** DATA FOR ANALYSIS follows **
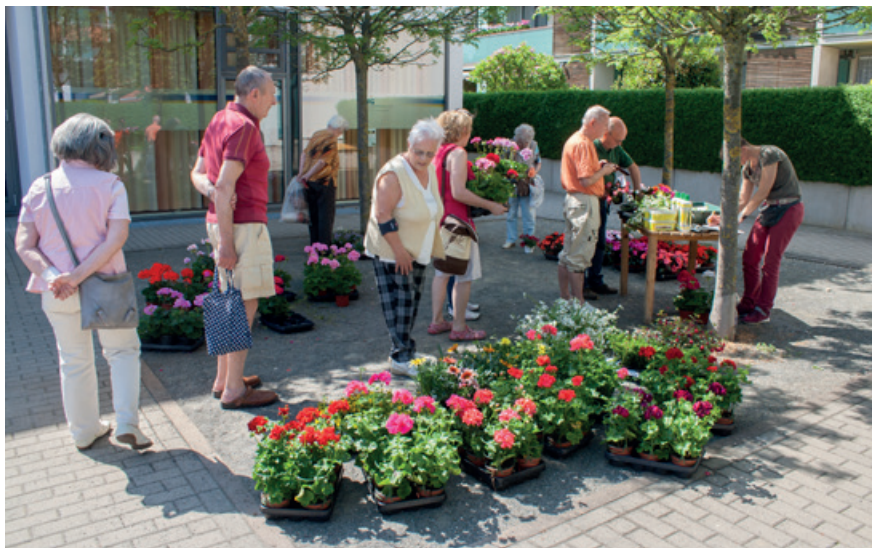
Viele Mieter aus Weimar Nord nutzten die Möglichkeit, die Blumen der Gärtnerei Welzel direkt vor Ort zu erwerben.
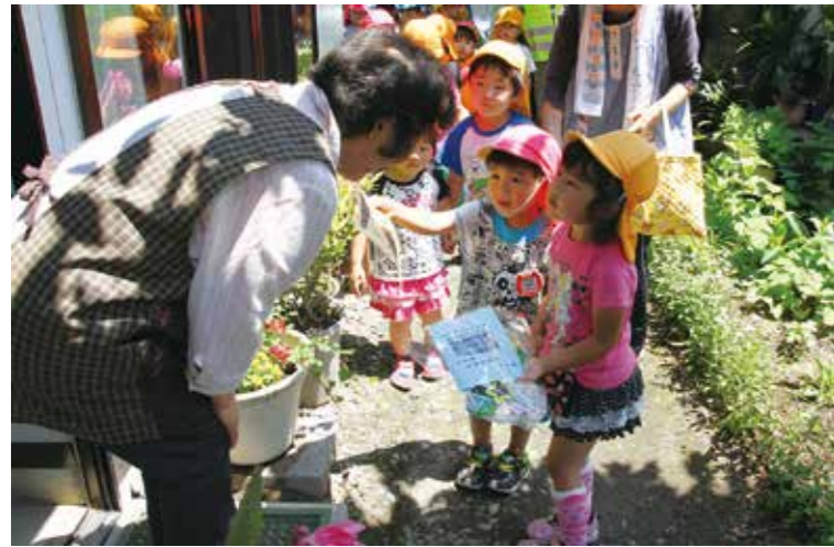
30度近い暑さの中、メッセージを受け取った人も交通安全を誓いました
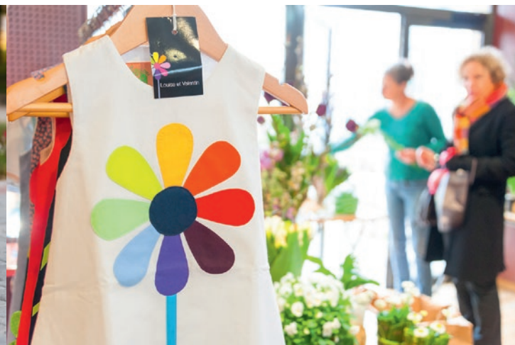
11 et 12 avril : Marché des créateurs, Maison de la vie associative.
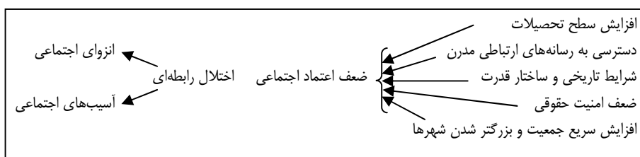
شکل (2): مدل مفهومی سرمایه اجتماعی و آسیب اجتماعی

شناسایی میزان و فرایند سرمایه اجتماعی در میان مردم جامعه می‌تواند به شناسایی روند تحولات اجتماعی و فرهنگی آن جامعه کمک زیادی بکند و نیز با مطالعه و شناخت دقیق سرمایه اجتماعی در میان اقشار اجتماعی مختلف می‌توان از این مفهوم و شاخص معتبر آن اعتماد اجتماعی در تحلیل مسائل اجتماعی و فرهنگی مانند انسجام اجتماعی، نظم اجتماعی، مشارکت اجتماعی و تقویت نهادهای مدنی به عنوان متغیر پیش‌بینی کننده بهره گرفت. آگاهی از این روند می‌تواند به برنامه‌ریزی اجتماعی و فرهنگی در انتخاب سیاست‌های اجتماعی و مدیریت اجتماعی و همچنین پیشگیری از آسیب‌های اجتماعی کمک شایانی بکند. این مطالعه جنبه توصیفی و تحلیلی دارد و منابع مورد استفاده در گردآوری اطلاعات عبارت از مطالعات کتابخانه‌ای و اسنادی و تحلیل داده‌های موجود است. سوال اصلی این بررسی این است: چه رابطه‌ای بین میزان آسیب‌های اجتماعی و سرمایه اجتماعی وجود دارد؟ فرضیه اصلی این مطالعه این است که بین سرمایه اجتماعی و میزان آسیب‌های اجتماعی در یک جامعه رابطه‌ای وجود دارد. هر قدر میزان سرمایه اجتماعی (اعتماد اجتماعی) یک جامعه کمتر باشد، میزان وقوع آسیب‌های اجتماعی نیز در جامعه بیش‌تر خواهد بود. مدل تحلیلی و مفهومی در شکل زیر ارائه شده است:
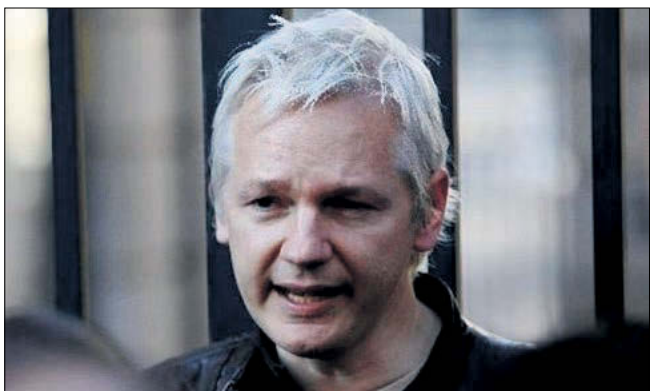
Ο Τζούλιαν Ασάντζ δήλωσε ότι στην εκπομπή του θα προσκαλεί ανθρώπους στους οποίους «η τηλεόραση απλά δεν θα έδινε ποτέ την ευκαιρία να μιλήσουν».

Η τηλεοπτική εκπομπή διαλόγου την οποία θα παρουσιάζει ο ιδρυτής του ιστοτόπου WikiLeaks Τζούλιαν Ασάντζ και θα μεταδίδεται από το τηλεοπτικό δίκτυο Russia Today θα αρχίσει να προβάλλεται σήμερα, Τρίτη 17 Απριλίου, όμως ο κατάλογος των καλεσμένων του θα παραμείνει μυστικός, όπως ανακοίνωσε το αγγλόφωνο τηλεοπτικό δίκτυο το οποίο χρηματοδοτείται από την ρωσική κυβέρνηση. Ο Ασάντζ, που συνεχίζει να τελεί υπό κατ'οίκον σύλληψη στη Βρετανία - προσπαθώντας να αποφύγει την έκδοσή του στη Σουηδία για σεξουαλική επίθεση που ο ίδιος διαψεύδει και υποστηρίζει ότι αποτελεί μέρος ενός σχεδίου με στόχο να εκδοθεί στις ΗΠΑ - γύρισε την εκπομπή «The World Tomorrow» («Ο Κόσμος Αύριο») στη Βρετανία. Το τηλεοπτικό δίκτυο ανέφερε ότι δεν θα δημοσιοποιήσει τον κατάλογο των καλεσμένων του πριν από την προβολή της εκπομπής, πάντως πρόσβλεψε ότι η πρώτη συνέντευ-
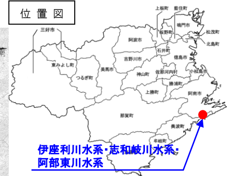
伊座利川水系・志和岐川水系・阿部東川水系
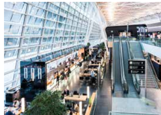
Aéroport de Zurich

Cet aéroport offre le Wi-Fi gratuit, des services aux familles avec bébés et enfants (infirmières et aires de jeux), une gastronomie typiquement suisse et plus encore. L'Airside Center se révèle l'endroit parfait pour les voyageurs qui souhaitent parcourir les boutiques exclusives, faire des achats de produits suisses tels que chocolats et montres ainsi que réserver leurs produits hors-taxes en ligne grâce au service "Précommande". Pour magasiner les produits suisses comme les chocolats et les montres ou pour commander des produits hors-taxes en ligne, il suffit d'avoir recours au service "Réservez & Ramassez".
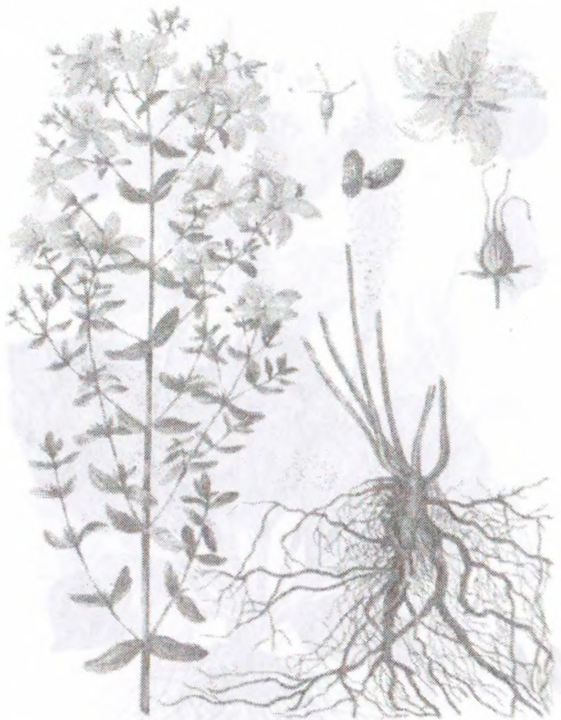
Hypericum perforatum L.
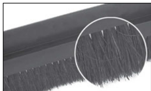
Fibres en crin de cheval
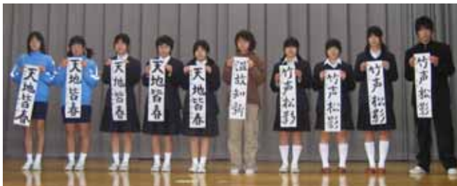
中学一年 「天地皆春」
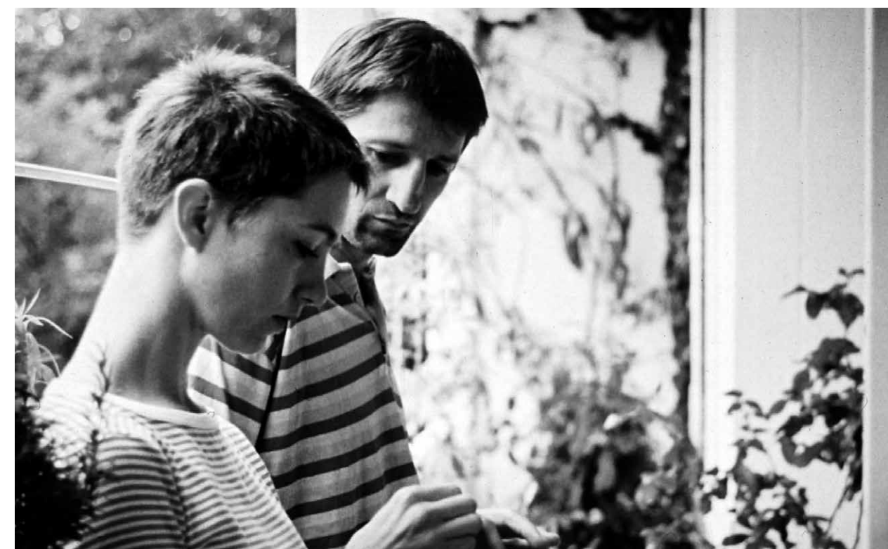
MEIN LANGSAMES LEBEN
** End of DATA FOR ANALYSIS **
Write the listing out a second time exactly, dropping all images.

* RESPONSE TO THE EXERCISE
Viele Mieter aus Weimar Nord nutzten die Möglichkeit, die Blumen der Gärtnerei Welzel direkt vor Ort zu erwerben.
30度近い暑さの中、メッセージを受け取った人も交通安全を誓いました
11 et 12 avril : Marché des créateurs, Maison de la vie associative.
شکل (2): مدل مفهومی سرمایه اجتماعی و آسیب اجتماعی

شناسایی میزان و فرایند سرمایه اجتماعی در میان مردم جامعه می‌تواند به شناسایی روند تحولات اجتماعی و فرهنگی آن جامعه کمک زیادی بکند و نیز با مطالعه و شناخت دقیق سرمایه اجتماعی در میان اقشار اجتماعی مختلف می‌توان از این مفهوم و شاخص معتبر آن اعتماد اجتماعی در تحلیل مسائل اجتماعی و فرهنگی مانند انسجام اجتماعی، نظم اجتماعی، مشارکت اجتماعی و تقویت نهادهای مدنی به عنوان متغیر پیش‌بینی کننده بهره گرفت. آگاهی از این روند می‌تواند به برنامه‌ریزی اجتماعی و فرهنگی در انتخاب سیاست‌های اجتماعی و مدیریت اجتماعی و همچنین پیشگیری از آسیب‌های اجتماعی کمک شایانی بکند. این مطالعه جنبه توصیفی و تحلیلی دارد و منابع مورد استفاده در گردآوری اطلاعات عبارت از مطالعات کتابخانه‌ای و اسنادی و تحلیل داده‌های موجود است. سوال اصلی این بررسی این است: چه رابطه‌ای بین میزان آسیب‌های اجتماعی و سرمایه اجتماعی وجود دارد؟ فرضیه اصلی این مطالعه این است که بین سرمایه اجتماعی و میزان آسیب‌های اجتماعی در یک جامعه رابطه‌ای وجود دارد. هر قدر میزان سرمایه اجتماعی (اعتماد اجتماعی) یک جامعه کمتر باشد، میزان وقوع آسیب‌های اجتماعی نیز در جامعه بیش‌تر خواهد بود. مدل تحلیلی و مفهومی در شکل زیر ارائه شده است:
Ο Τζούλιαν Ασάντζ δήλωσε ότι στην εκπομπή του θα προσκαλεί ανθρώπους στους οποίους «η τηλεόραση απλά δεν θα έδινε ποτέ την ευκαιρία να μιλήσουν».

Η τηλεοπτική εκπομπή διαλόγου την οποία θα παρουσιάζει ο ιδρυτής του ιστοτόπου WikiLeaks Τζούλιαν Ασάντζ και θα μεταδίδεται από το τηλεοπτικό δίκτυο Russia Today θα αρχίσει να προβάλλεται σήμερα, Τρίτη 17 Απριλίου, όμως ο κατάλογος των καλεσμένων του θα παραμείνει μυστικός, όπως ανακοίνωσε το αγγλόφωνο τηλεοπτικό δίκτυο το οποίο χρηματοδοτείται από την ρωσική κυβέρνηση. Ο Ασάντζ, που συνεχίζει να τελεί υπό κατ'οίκον σύλληψη στη Βρετανία - προσπαθώντας να αποφύγει την έκδοσή του στη Σουηδία για σεξουαλική επίθεση που ο ίδιος διαψεύδει και υποστηρίζει ότι αποτελεί μέρος ενός σχεδίου με στόχο να εκδοθεί στις ΗΠΑ - γύρισε την εκπομπή «The World Tomorrow» («Ο Κόσμος Αύριο») στη Βρετανία. Το τηλεοπτικό δίκτυο ανέφερε ότι δεν θα δημοσιοποιήσει τον κατάλογο των καλεσμένων του πριν από την προβολή της εκπομπής, πάντως πρόσβλεψε ότι η πρώτη συνέντευ-
伊座利川水系・志和岐川水系・阿部東川水系
Aéroport de Zurich

Cet aéroport offre le Wi-Fi gratuit, des services aux familles avec bébés et enfants (infirmières et aires de jeux), une gastronomie typiquement suisse et plus encore. L'Airside Center se révèle l'endroit parfait pour les voyageurs qui souhaitent parcourir les boutiques exclusives, faire des achats de produits suisses tels que chocolats et montres ainsi que réserver leurs produits hors-taxes en ligne grâce au service "Précommande". Pour magasiner les produits suisses comme les chocolats et les montres ou pour commander des produits hors-taxes en ligne, il suffit d'avoir recours au service "Réservez & Ramassez".
Hypericum perforatum L.
Fibres en crin de cheval
中学一年 「天地皆春」
MEIN LANGSAMES LEBEN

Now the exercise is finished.